Stored items from a collection
■ ■ ■ ■

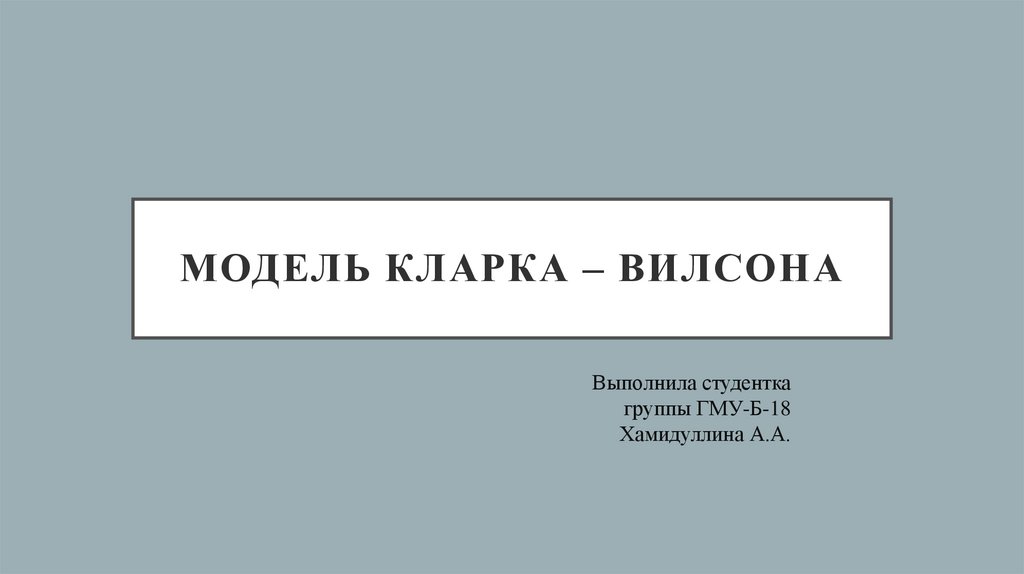 МОДЕЛЬ КЛАРКА – ВИЛСОНАВыполнила студентка
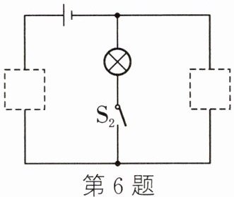 6. 将开关$S_{1}$和电动机的元件符号,分别画在图中的两个虚线框内,使之成为一个完整的电路。要求开关$S_{1}$、$S_{2}$闭合时,小灯泡和电动机均能工作。
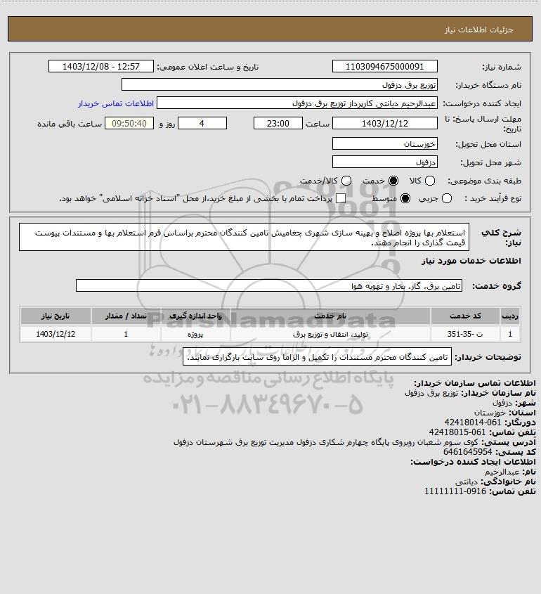 استعلام استعلام بها پروژه اصلاح و بهینه سازی شهری چغامیش تامین کنندگان محترم براساس فرم استعلام بها و مستندات پیوست قیمت گذاری را انجام دهند., استعلام استعلام بها پروژه اصلاح و بهینه سازی شهری چغامیش تامین کنندگان محترم براساس فرم استعلام بها و مستندات پیوست قیمت گذاری را انجام دهند.
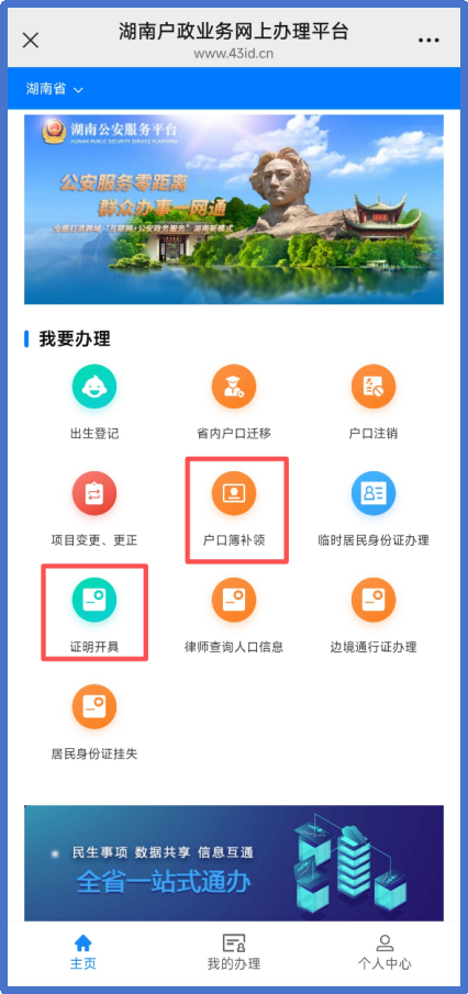 一、湘籍居民微信关注“湖南公安服务平台”公众号,注册并实人认证登录,点击“微警务”进入平台首页,在热点应用栏中选择“户口业务全程网办”;或者登录省政府“湘易办”APP首页,点击“户口业务”,进入湖南户政业务网上办理平台,在“我要办理”菜单中选择要申办的四项业务,填写相关信息,拍照上传证明材料,提交办件申请。
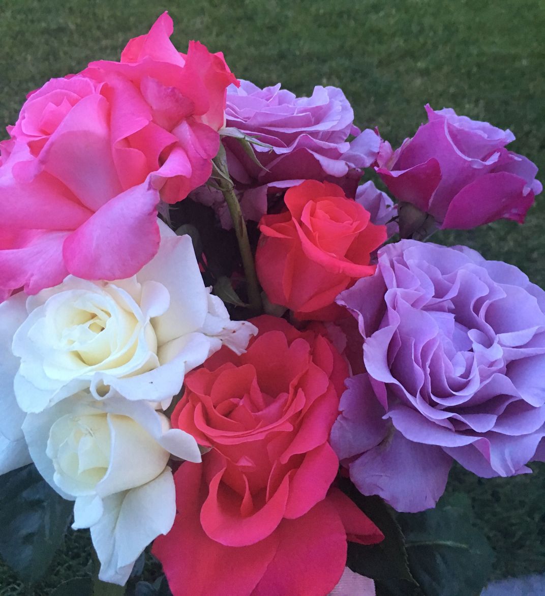 This ia bouquet of hybrid tea roses from my garden. Roses included are: Unforgettable, Touch of Class, John F. Kennedy and Neptune.
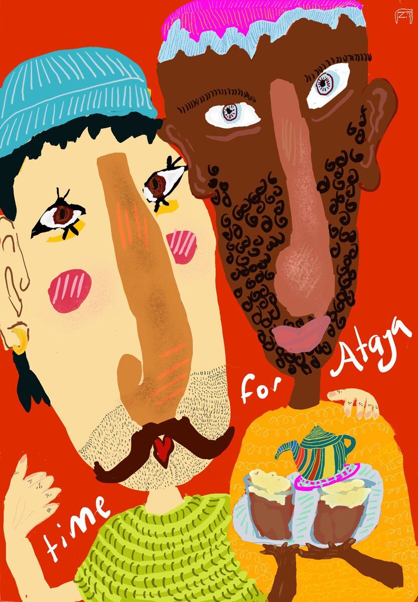 I make illustrations that feel like a warm hug — bold colours, wobbly lines, and faces full of feeling. My work lives somewhere between a children's book and a gallery wall: it's meant to be looked at every day and to make you smile every time.
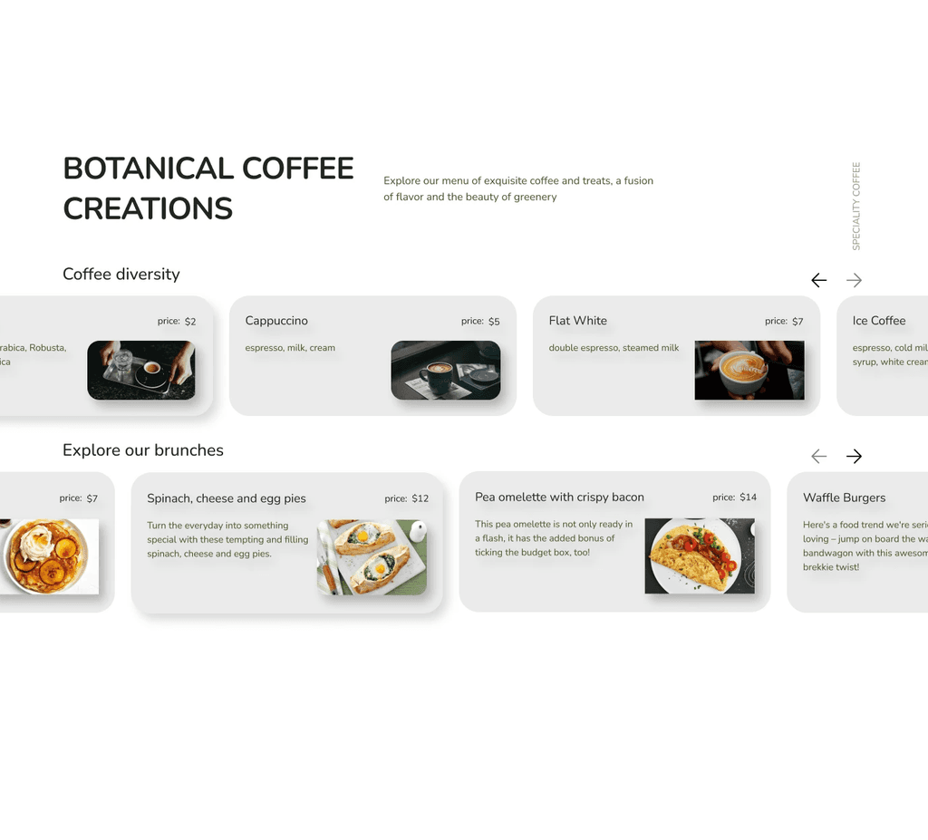 I undertook this project to improve my skills in Figma, focusing on creating a concept for a coffee shop. Through hands-on experience, I strengthened my abilities in creating components, grid layouts, typography, and interactions. Additionally, I learned how to build a design system, choose the right color palette, highlight key elements on a page, and organize topics and features into clear sections.
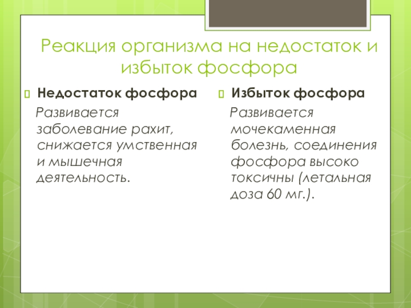 Развивается мочекаменная болезнь, соединения фосфора высоко токсичны (летальная доза 60 мг.).
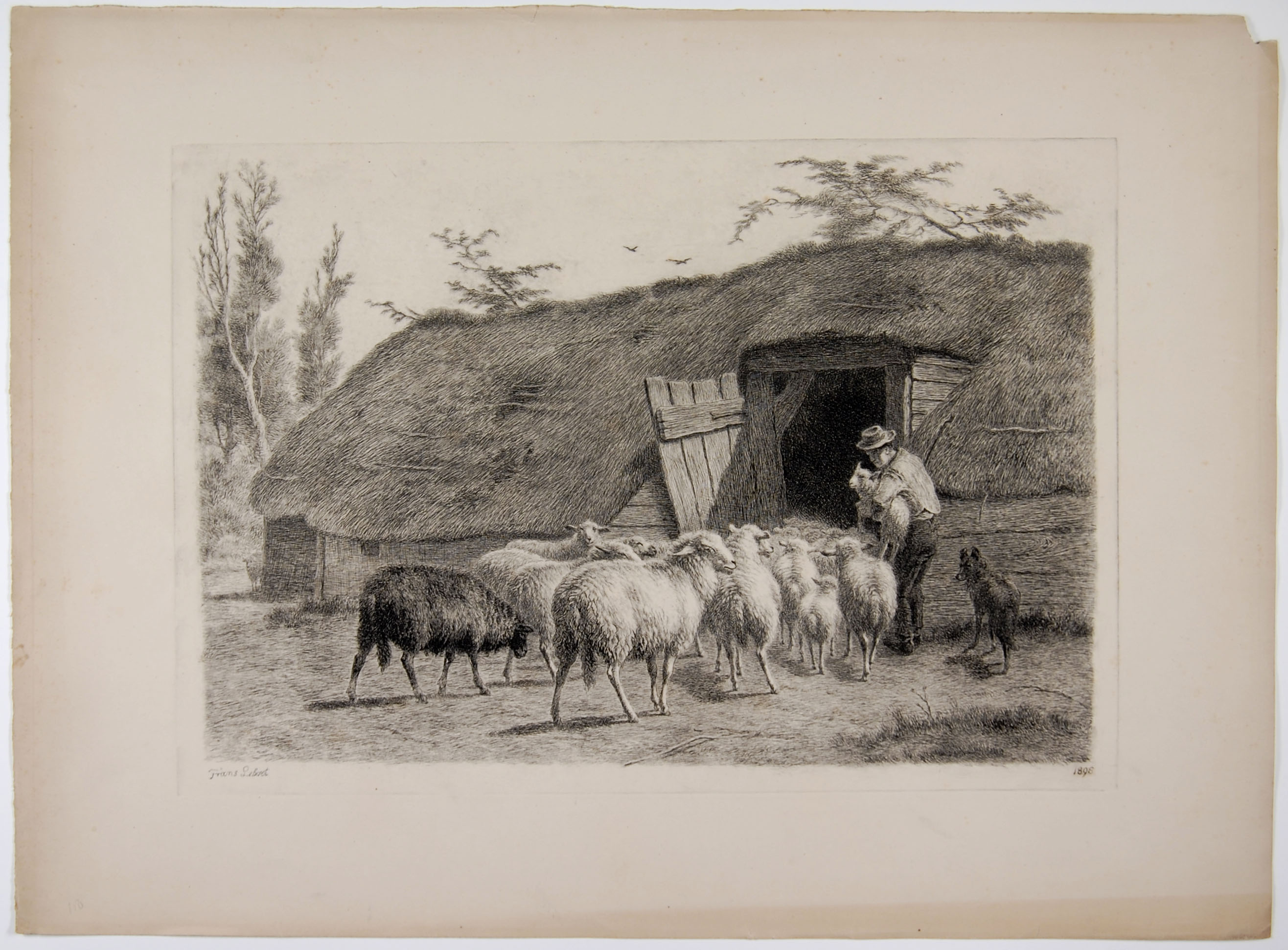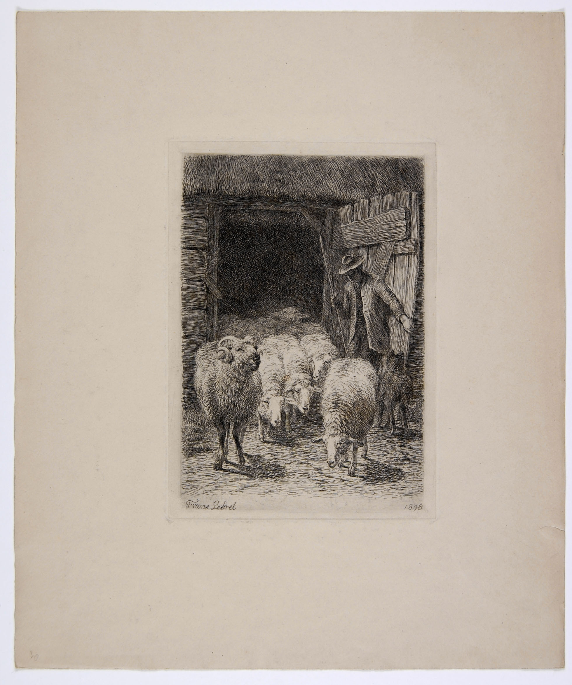 Schaapherder met kudde voor een stal
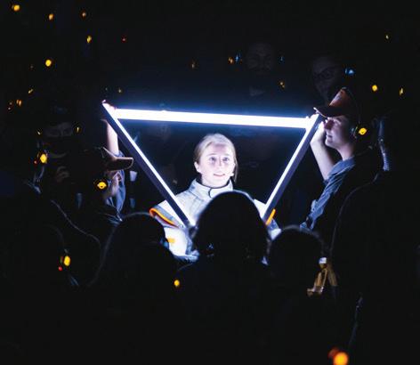 “We are inspired by the atmosphere and connectivity of live theatre, we make outdoor performances that blend classic iconography with neon light. Through this work, we introduce ourselves to communities and encourage them to be bold and brave by inviting them to work closely with us and alongside us.

■ ■ ■ ■

From the first line of the records through the line containing "This ia bouquet", please output exactly those lines and nothing more, leaving out the pictures.

 МОДЕЛЬ КЛАРКА – ВИЛСОНАВыполнила студентка
 6. 将开关$S_{1}$和电动机的元件符号,分别画在图中的两个虚线框内,使之成为一个完整的电路。要求开关$S_{1}$、$S_{2}$闭合时,小灯泡和电动机均能工作。
 استعلام استعلام بها پروژه اصلاح و بهینه سازی شهری چغامیش تامین کنندگان محترم براساس فرم استعلام بها و مستندات پیوست قیمت گذاری را انجام دهند., استعلام استعلام بها پروژه اصلاح و بهینه سازی شهری چغامیش تامین کنندگان محترم براساس فرم استعلام بها و مستندات پیوست قیمت گذاری را انجام دهند.
 一、湘籍居民微信关注“湖南公安服务平台”公众号,注册并实人认证登录,点击“微警务”进入平台首页,在热点应用栏中选择“户口业务全程网办”;或者登录省政府“湘易办”APP首页,点击“户口业务”,进入湖南户政业务网上办理平台,在“我要办理”菜单中选择要申办的四项业务,填写相关信息,拍照上传证明材料,提交办件申请。
 This ia bouquet of hybrid tea roses from my garden. Roses included are: Unforgettable, Touch of Class, John F. Kennedy and Neptune.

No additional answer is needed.